Мюонное нейтрино, пролетевшее сквозь наши сердца — страница 16 из 27

– Люсь? Пойдешь на пятачок?

Подруга распахнула глаза – полные цветущими садами, солнцем, бабочками – влюбленные женские глаза. Взмахнула ресницами, будто бы хотела спрятать, не показывать это молодое жаркое буйство.

У Люси побаливала голова, да и, надо признать, добровольная обязанность все рассказывать подруге в сложившихся обстоятельствах не могла не тяготить ее.

Мама и сестра принесли свежее молоко, день катился к полудню, на досках крыльца лежали горячие пятна света.

– Я немного простыла, – сказала Люся.

И это звучало как отмазка.

Причем нелепая, очевидная, как свежая заплатка на выцветших обоях.

Тая застыла. Чего-чего, а уж этого она никак не ожидала. Отказать в небольшой прогулке после того, как они не виделись четыре дня!

Ей было трудно признаться в этом самой себе, но она ждала от Люси каких-то действий: извинений, объяснений.

Все эти дни, пока Люся была в походе, Тая ждала хотя бы сообщения в вотсап, которое она смогла бы гордо проигнорировать.

Но… ничего.

Ничего – тогда. Ничего – сейчас.

Тая просто перестала быть интересна Люсе. Ее место занял парень.

А ты чего хотела? Подумай сама! Дружба всегда заканчивается там, где начинаются шуры-муры. Ты верила, что с вами такого не случится? Наивная!

– Ладно. Я пойду тогда.

– Подожди, посиди с нами, – начала, будто бы смутившись, Люся, – попей чаю.

– Я сыта. – Тая повернулась к лестнице.

– Может, потом погуляем. Ты заходи, если что.

Тая вступила под яблони. Ее тень среди качающихся теней листвы – рыба в сетях.

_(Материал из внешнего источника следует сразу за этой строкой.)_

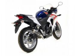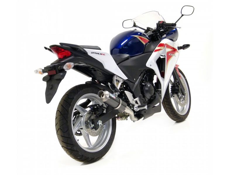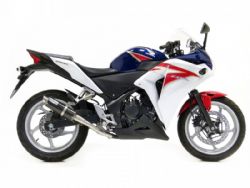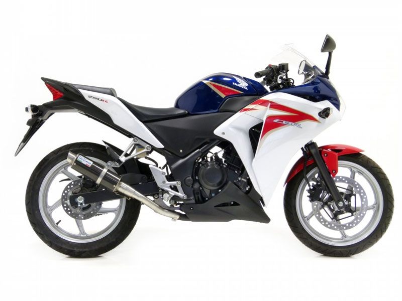 Escape completo Leovince 3472 Honda CBR 250 R 2011/2013 Gp Corsa Evo Carbono. Escape inspirado en Moto Gp y diseñado para motocicletas de 4 tiempos hasta 500cc de cilindrada. Silencioso fabricado en carbono brillante con salida cortada. Los colectores de gran diámetro garantizan un gran rendimiento. El escape se fija a la moto con una abrazadera en acero inox, con goma antivibraciones. El silencioso cuenta con una pegatina en aluminio con el logo de la marca para embellecer al silencioso.
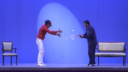 Si avvia così una paradossale situazione in cui il ‘tronchetto’-Salemme, in una sorta di monologo, interrotto solo da gustosi siparietti con gli altri personaggi, esterna le sue frustrazioni in riflessioni “tra il serio e il faceto” sulla vita, gli amici, evoca ricordi della giovinezza spensierata coll’intento di scuotere Rocco dalla sua apatia. Salemme tratteggia gag esilaranti di pura improvvisazione che si susseguono senza respiro, in uno spettacolo che rinnova e rende omaggio alla grande commedia napoletana. Salemme, anche questa volta, si è buttato a capofitto nei dialoghi improvvisati con il pubblico, è sceso in platea abbandonandosi a un botta e risposta con gli spettatori che si sono lasciati coinvolgere prendendo parte e diventando anche loro personaggi della commedia. Una girandola di colpi di scena in cui Salemme veste i panni del “tronchetto”, alter ego di Rocco, voce della coscienza, il “cuore” che sagacemente per Salemme negli uomini “si trova un po’ più in basso: nei pantaloni”. “Non possiamo che andare verso il futuro – è un sorriso arrendevole quello di Salemme – noi cinquant’enni abbiamo vissuto in un’epoca più semplice da comprendere. Avevamo la gioia di lasciare la nostra casa, il nostro condominio, il quartiere in cui eravamo nati alla volta del mondo. Un viaggio misterioso che ci entusiasmava. Ora, è cambiato tutto. Cosa lasciamo ai nostri figli? Solo la paura di affrontare il mondo, gli impediamo di saltare nel buio, di scoprire il loro futuro” così chiude la sua irresistibile commedia Salemme. Tutto questo raccontato con il ritmo della farsa per lasciare il passo, in alcuni passaggi, alla moderna commedia napoletana.
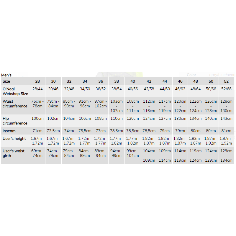 Штаны O`NEAL ELEMENT FACTOR (40/56) (Grey/Blue/NeonYellow)
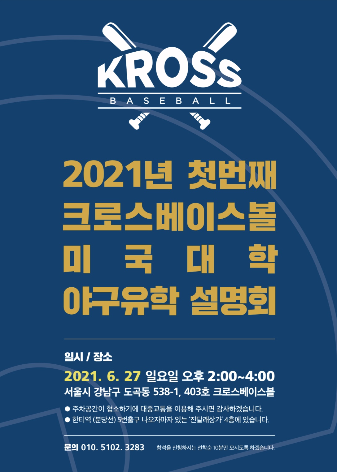 #미국대학야구유학 #미국야구 #크로스베이스볼 #2021년첫번째설명회 #선착순10분만모십니다
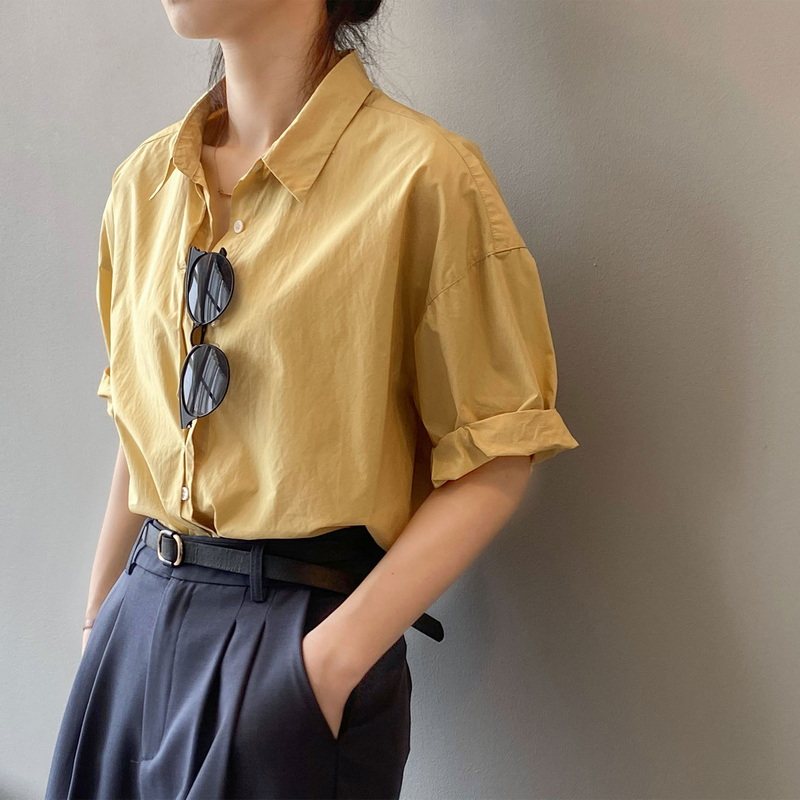 Желтая брендовая небольшая дизайнерская рубашка, короткий рукав, тренд сезона, японские и корейские, стиль

– Может, и зайду, – донеслось с крыльца.

Тае показалось: Люся сожалеет о своих словах про плохое самочувствие, понимает, что наделала, хочет извиниться, и надо дать ей шанс… Но уязвленная гордость гнала Таю вперед, запрещая оглядываться. Вертелась в горле колючим комком. Холодила грудь.

«Ты бы так ни за что не поступила! Даже если бы у тебя был парень…»

«Да? – (Ядовитая усмешка.) – Что ты можешь знать об этом? У тебя же никогда не было парня!»

Песчаная дорога пылила на жаре.

Проезжающие машины тянули за собой долгие шлейфы.

Отказ пойти на пятачок после всего, что произошло между нею и Люсей, показался Тае посягательством на нечто священное, существовавшее между ними, глубинное, сакральное, на нечто, чего не смог бы разрушить даже Захар, на те невидимые постороннему глазу корни, которыми они сплетены друг с другом; Тая ведь уже готова была простить Люсе ее четырехдневное молчание в походе, но такое…

Такому не может быть оправданий. Не уделить подруге и получаса, предпочитая таять в объятиях юноши!

Это было оскорбление, нанесенное не лично Тае, но нравственному идеалу дружбы. Ибо дружба есть взаимное притяжение душ – ее возникновение не обусловлено прозаичным влиянием гормонов, она разумнее, человечнее. Дружба стоит на ступеньку выше отношений между полами.

После ухода Таи Люся никак не могла унять неприятное бурление мыслей, порожденное этой встречей. Она доверилась Захару:

– Знаешь, мне кажется, Тая обиделась.

– Не парься. Она всегда обижается. Недотрога. В шутку фиги не покажи.

– Зря ты так. Сейчас, мне кажется, я действительно ее обидела. Она же скучала тут одна, пока мы ездили в поход.

– Она много выпендривается. Бегать за ней собралась?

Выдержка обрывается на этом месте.